Время, назад - Филип Дик 7 стр.


Он замолк и стал ее разглядывать.

– Огромное тебе спасибо, – сказала Лотта, – за то, что не сказал мистеру Гору.

– Но может, мне придется еще сказать, – остерег ее Тинбейн.

– Там, в Библиотеке, ты вел себя так, словно я ничего и не говорила. Ты же сказал тогда «не говори даже мне», так что официально, как полицейский, ты ничего от меня не слышал. Если ты скажешь мистеру Гору… – Лотта испуганно заморгала. – Ведь Себастьян тут же догадается, откуда ты узнал. Он же знает, какая я дура, и я всегда была дурой, я всегда умудряюсь куда-нибудь вляпаться.

– Не надо так говорить, ты просто совершенно не умеешь обманывать.

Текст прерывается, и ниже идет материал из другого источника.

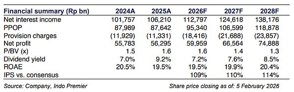 recorded net profit of Rp56.3tr in FY25 (+1% yoy/+40% qoq in 4Q25); in-line with ours but above consensus FY25F estimates at 101/110% which we have highlighted in our previous note (link). PPOP came flat yoy (+22% qoq) from solid non-II (+9% yoy/+23% qoq - largely due to recovery) and decent NII (+4% yoy). CIR improved to 43.5% vs. 44.6% in 3Q25 and it guides for normalizing CIR at 42-43% in FY26F. Provision eased -5% yoy (-73% qoq) which translates to lower CoC of 58bp (-21bp yoy/-15bp qoq), far behind its guidance of 80-100bp in FY25F. It guides for CoC of 60-80bp in FY26F.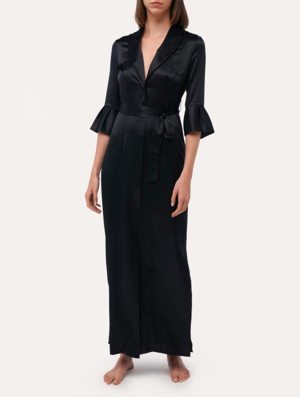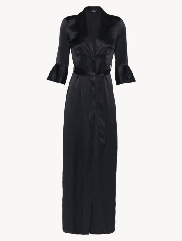 Experience ultimate luxury with this exquisite silk-satin robe featuring sophisticated feminine details including a timeless shawl collar and gracefully flared sleeves. Designed to enhance your natural silhouette, it creates a flattering slim-fit look with a waist-defining sash belt that ties perfectly. Perfect for layering over matching lingerie or your favorite nightwear ensemble.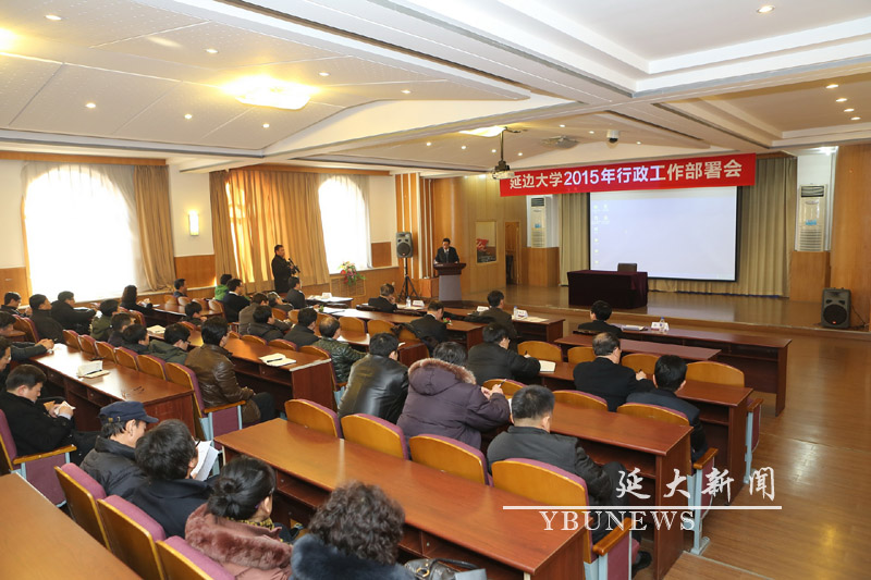 (记者 杜有)1月23日下午,我校在综合楼七楼学术报告厅召开了行政工作部署会。校长朴永浩、副校长盖同祥、崔炯谟、张寿、陈铁,学校党政管理部门、教学单位、教学辅助部门、科研部门及附属部门的副处级以上行政干部参加了会议。会议由校长朴永浩主持。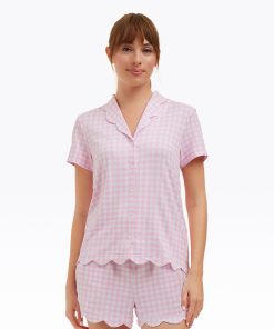 Draper James Women’s Scallop Sara Pajama Set In Pink Gingham | Pink Gingham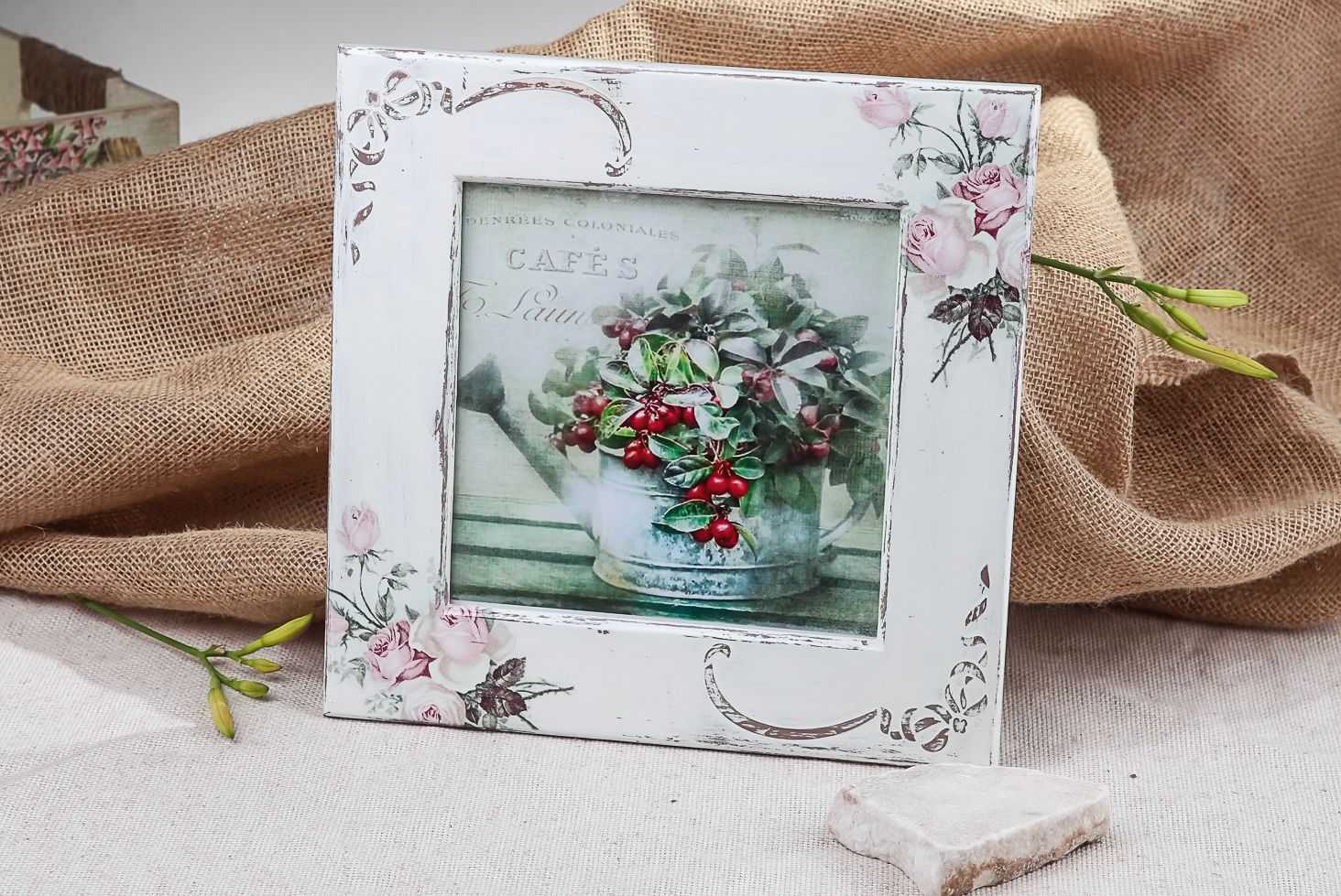 Рамку можно декорировать и в стиле декупаж, если используется древесина.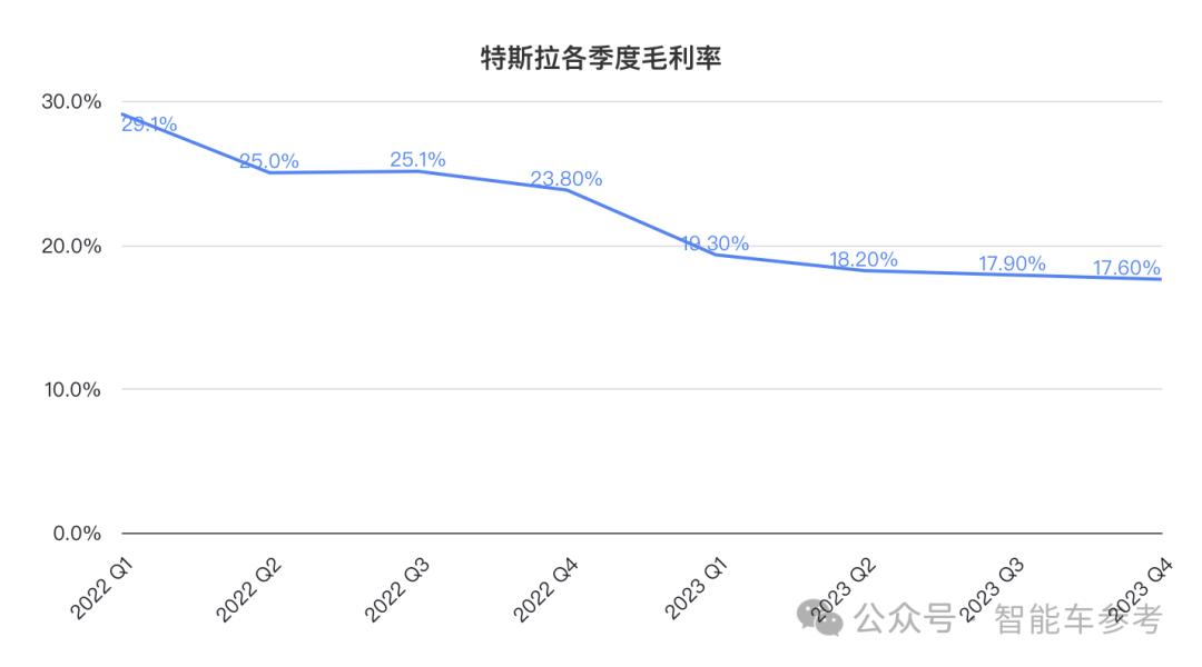 但众所周知,特斯拉前段时间还是在不断降价。所以就不难看到第四季度毛利率依旧走低,为17.6%,比上一季度降低0.3个百分点。
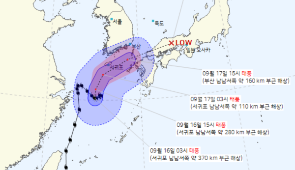 태풍의 영향으로 제주에 이날 오후부터 17일 오전 사이 시간당 50∼80㎜ 이상의 매우 강한 비가 내리는 곳이 있겠다.

Что ты думаешь, то и говоришь, это нормально и естественно. Ты просто прелесть и очень красивая, и я восхищаюсь твоей честностью. Но только говорил я вполне серьезно. Твой муж буквально на стенку полезет.

– Пожалуй, он со мной разведется. И тогда ты сможешь на мне жениться, только придется тебе сперва развестись.

Шутит она, что ли? Да кто ее знает. В Лотте Гермес смутно угадывались непостижимые глубины.

– Случались вещи и неожиданней, – заметил он осторожно.

– Неожиданней чего?

– Того, что ты сейчас сказала. Что мы в конечном счете поженимся.

– Но ведь с другой стороны, – возразила Лотта, – если ты не скажешь мистеру Гору, нам и не надо будет жениться.

– Ведь и верно, – согласился Тинбейн, окончательно сбитый с толку.

В каком-то смысле это было логично.

– Ну пожалуйста, не надо ему говорить. – В голосе Лотты мольба мешалась с малой долей раздражения; в конце концов, ведь он ей так прямо и сказал, что вроде бы как полицейский ничего от нее не слышал. – Мне кажется, – продолжила она, – что мы друг другу не подходим. Мне нужен кто-нибудь значительно старше, чтобы можно было надежно опереться. Я очень нуждаюсь в опоре. Я же теперь больше не взрослею, а день ото дня становлюсь все младше. И все этот проклятый Хобарт. – Она открыла ручку и бездумно чирикала в блокноте. – Какой это ужас, когда впереди угрожает детство. Опять стать младенцем, совершенно беспомощным, чтобы за тобою ухаживали. День ото дня я все пытаюсь повзрослеть, все время борюсь со временем – ну, примерно так, как прежние женщины боролись со старостью, с морщинами и жиром. Уж это-то мне всяко не грозит. А вот Себастьян, он останется взрослым даже тогда, когда я уже буду совсем ребенком, и это очень хорошо: он будет защищать меня, как отец. Но ты-то одного со мной возраста, мы вместе станем детьми, и много ли в этом хорошего?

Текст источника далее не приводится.